I hope this blizzard of legislation does not obscure the government’s main challenge: that it needs to radically reform large swathes of the public sector, even when there is no more money to throw at it. To do that it will need to engage the very best minds to find new ways of delivering better services at lower cost.
The early signs are encouraging. The government is pulling in some significant talent to help, such as Lord Darzi to report on the performance of the NHS and James Timpson as prisons minister. Whether talent will translate into action remains to be seen.
In the quest for greater efficiency, the government needs to look at every corner of the public sector to see how technology and better use of resources can deliver better outcomes. Here are just two possible examples:
- Britain’s decrepit, overcrowded prison estate needs radical reform, and it is clearly high on Sir Keir Starmer’s priority list. While there may be no money to build new prisons, it just so happens that some of the worst of them sit in areas where there is a chronic shortage of affordable housing. In London, Wandsworth, Pentonville and Wormwood Scrubs come to mind immediately, all grim gaols that have no place in a 21st century justice system. There are similar examples of the Victorian penal system still operating across Britain.
An enterprising government would arrange for these prisons to be closed and sold to private developers for social housing, just as happened with Holloway some years ago. The funds could then be redeployed building new prisons further out of town where the land would be cheap. With state-of-the-art facilities, these prisons would have radically better outcomes for everyone. Lord Timpson, please note. - Similarly, Britain’s court buildings are often crumbling and leaky. Again, a public/private partnership could be the answer to release some of them for redevelopment, while providing new space elsewhere.
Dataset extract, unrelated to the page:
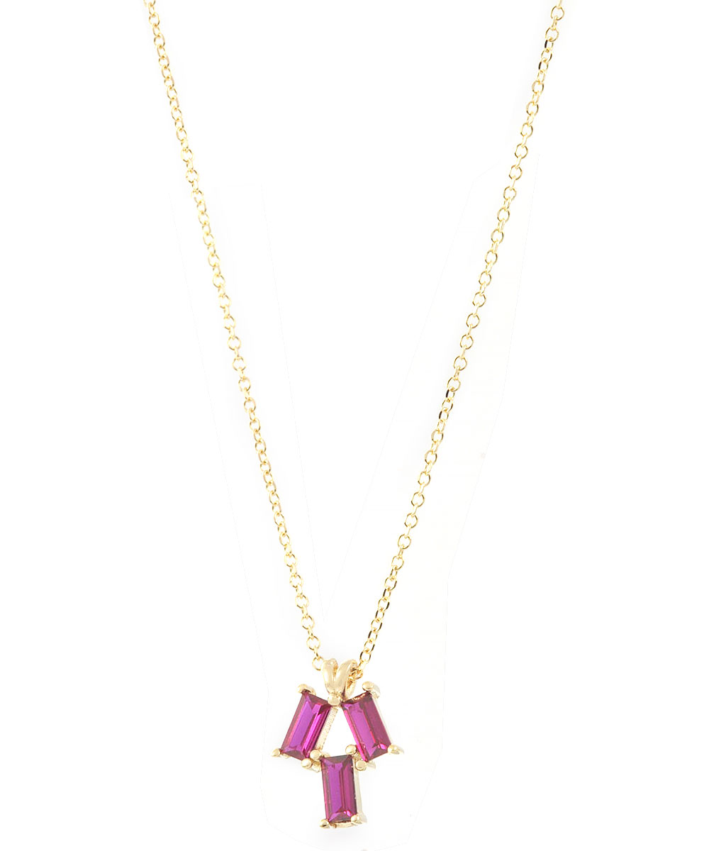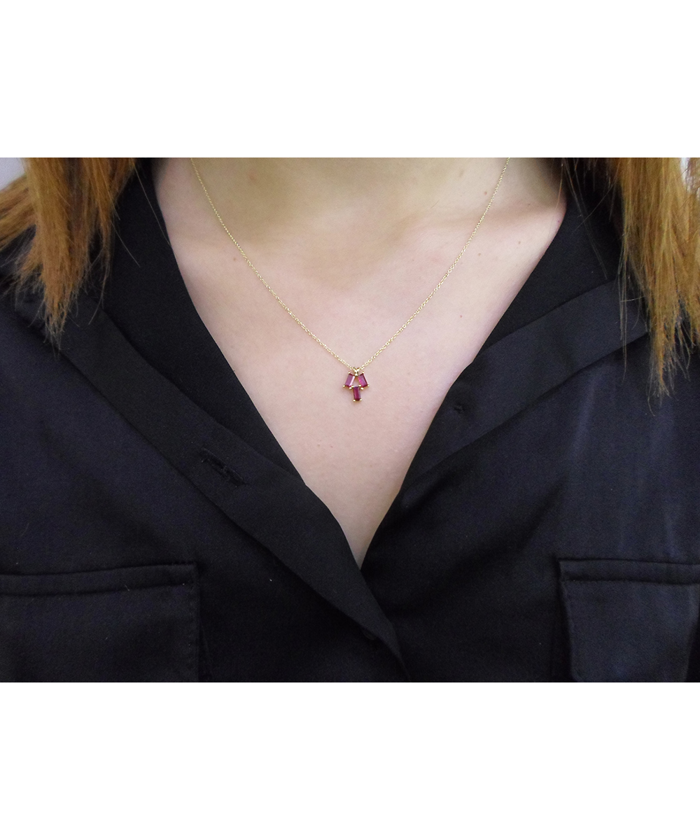 Εντυπωσιακό χρυσό κολιέ 14 καράτια με φυσικά ρουμπίνια κοπής baguette, τοποθετημένα σε κομψό γεωμετρικό μοτίβο. Το ζωηρό κόκκινο χρώμα των ρουμπινιών προσδίδει δυναμισμό και πολυτέλεια, καθιστώντας το ιδανική επιλογή για καθημερινή κομψότητα αλλά και ιδιαίτερες εμφανίσεις. Ένα κόσμημα που ξεχωρίζει για τον μοντέρνο χαρακτήρα και τη διαχρονική αξία του.

For that matter why do so many court appearances have to be in person in a modern digital age? Many hearings are merely procedural and could take place entirely online, saving a fortune in transport and security costs.
There are dozens of potential reforms the government could look at like this. All of them would be difficult to achieve, and would no doubt meet a host of challenges from the ‘can’t do’ mob. But this government has both a need and a powerful mandate to be radical. We will soon see whether it really has the appetite.
The leaks keep flowing
While many things are changing in this turbulent world, one thing remains constant: the financial media’s skill and tenacity at chasing down deal stories. H/Advisors’s forthcoming report on Global M&A communications for the first half of 2024 will show that, even though deal volumes fell by 30 per cent in the period, the rate of leaks remains constant, with 65 per cent of the top 20 transactions being reported by the media before they were formally announced. (A shout out here to Bloomberg that managed to break the news on no fewer than seven of these top 20 deals, including the two largest). This means that CEOs and their teams need to prepare for when, not if, their deal is going to leak.
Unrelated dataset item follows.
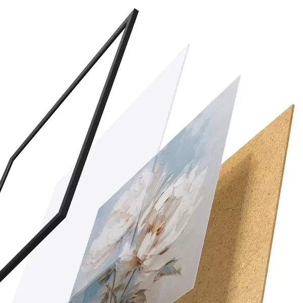El póster consta de marco, plexiglás, imagen impresa y soporte de aglomerado. El póster puede colgarse inmediatamente en la pared gracias a los soportes de la parte posterior.

Once again this shows that all the regulation in the world cannot create an impenetrable barrier to enterprising journalists or stifle the financial and corporate community’s love of gossip and intrigue.
A recommendation
Class Act (Netflix)
I know I was late to the party on this one, but if you haven’t watched it, Class Act – a Netflix miniseries about French businessman Bernard Tapie – is a wonderful show to watch.
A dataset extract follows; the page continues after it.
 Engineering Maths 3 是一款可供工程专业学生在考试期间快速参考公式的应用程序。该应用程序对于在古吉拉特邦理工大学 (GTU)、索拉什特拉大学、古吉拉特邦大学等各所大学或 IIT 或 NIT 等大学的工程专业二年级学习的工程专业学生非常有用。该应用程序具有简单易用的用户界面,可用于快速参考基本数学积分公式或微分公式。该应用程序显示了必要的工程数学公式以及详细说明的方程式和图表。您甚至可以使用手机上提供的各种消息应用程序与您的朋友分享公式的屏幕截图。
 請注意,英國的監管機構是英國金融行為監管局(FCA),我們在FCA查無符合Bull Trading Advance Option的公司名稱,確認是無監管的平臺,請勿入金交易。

Tapie’s life is barely credible. The son of a plumber, he rose to become a pop star, business leader, corporate turnaround expert, owner of Adidas, owner of Marseille football club (that won the Uefa Champions League with him in charge) and ultimately convict when he was found guilty of corruption and bribing footballers. This series charts the extraordinary tale faithfully, revealing much about French business and French society along the way.